#### Task brief:
Copy verbatim the block of lines in the entries below whose first line contains "Link compensation and" and whose last line contains "Beide sind wir". Leave out all other lines.

***** Material supplied *****

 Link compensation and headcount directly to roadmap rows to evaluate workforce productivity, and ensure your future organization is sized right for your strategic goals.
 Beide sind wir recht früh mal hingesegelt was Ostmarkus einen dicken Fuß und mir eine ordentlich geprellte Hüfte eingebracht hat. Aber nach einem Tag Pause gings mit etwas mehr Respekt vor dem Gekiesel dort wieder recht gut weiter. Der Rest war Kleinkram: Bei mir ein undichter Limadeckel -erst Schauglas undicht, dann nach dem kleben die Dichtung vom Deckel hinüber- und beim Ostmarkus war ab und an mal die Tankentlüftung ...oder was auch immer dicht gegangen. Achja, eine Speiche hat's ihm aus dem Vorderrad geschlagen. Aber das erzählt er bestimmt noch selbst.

*****
***** Material supplied *****

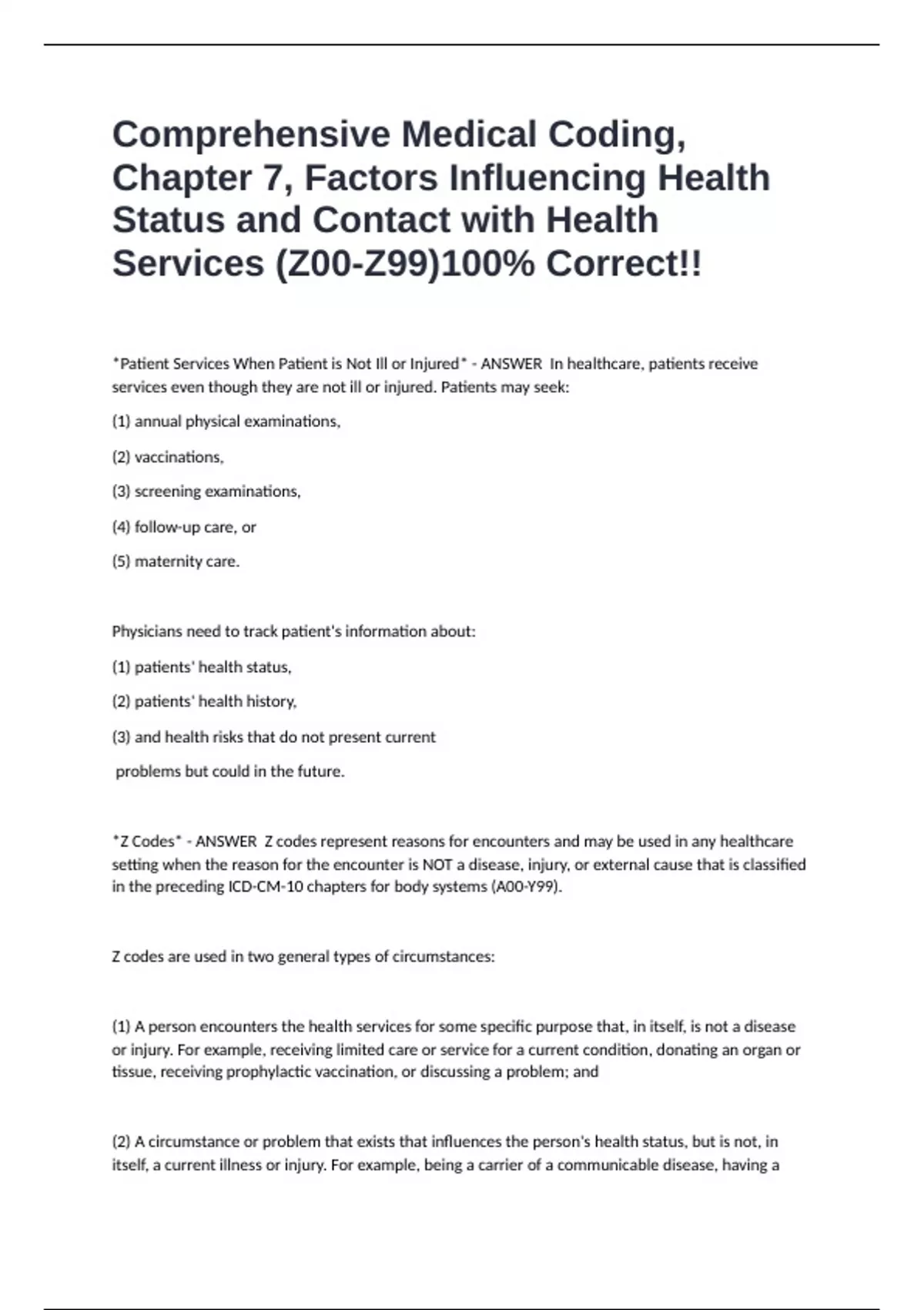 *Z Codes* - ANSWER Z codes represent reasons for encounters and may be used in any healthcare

*****
***** Material supplied *****

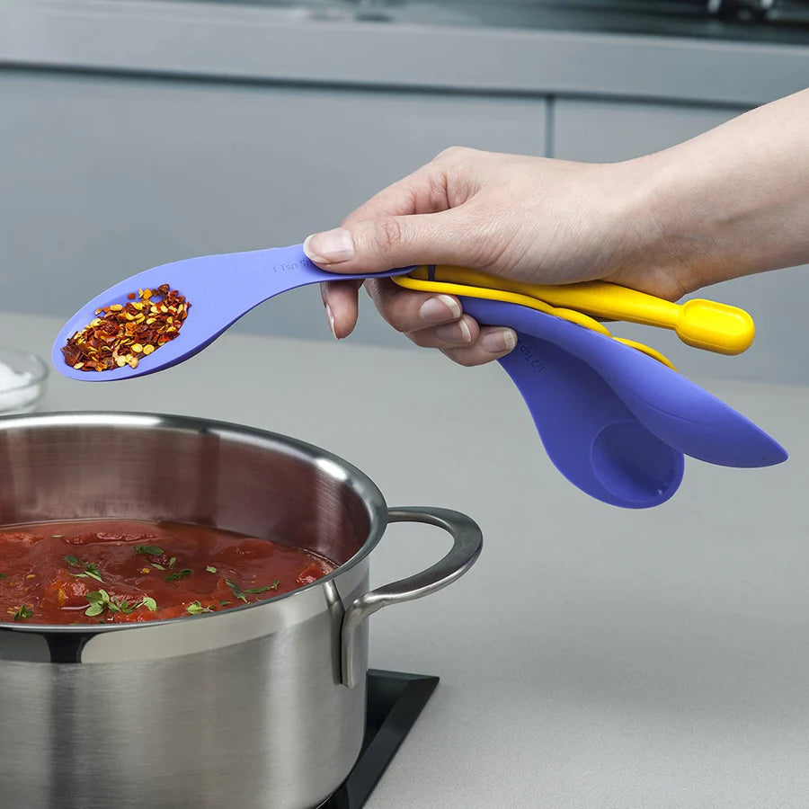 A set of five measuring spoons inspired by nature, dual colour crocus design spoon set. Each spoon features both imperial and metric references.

*****

#### Response below:
 Link compensation and headcount directly to roadmap rows to evaluate workforce productivity, and ensure your future organization is sized right for your strategic goals.
 Beide sind wir recht früh mal hingesegelt was Ostmarkus einen dicken Fuß und mir eine ordentlich geprellte Hüfte eingebracht hat. Aber nach einem Tag Pause gings mit etwas mehr Respekt vor dem Gekiesel dort wieder recht gut weiter. Der Rest war Kleinkram: Bei mir ein undichter Limadeckel -erst Schauglas undicht, dann nach dem kleben die Dichtung vom Deckel hinüber- und beim Ostmarkus war ab und an mal die Tankentlüftung ...oder was auch immer dicht gegangen. Achja, eine Speiche hat's ihm aus dem Vorderrad geschlagen. Aber das erzählt er bestimmt noch selbst.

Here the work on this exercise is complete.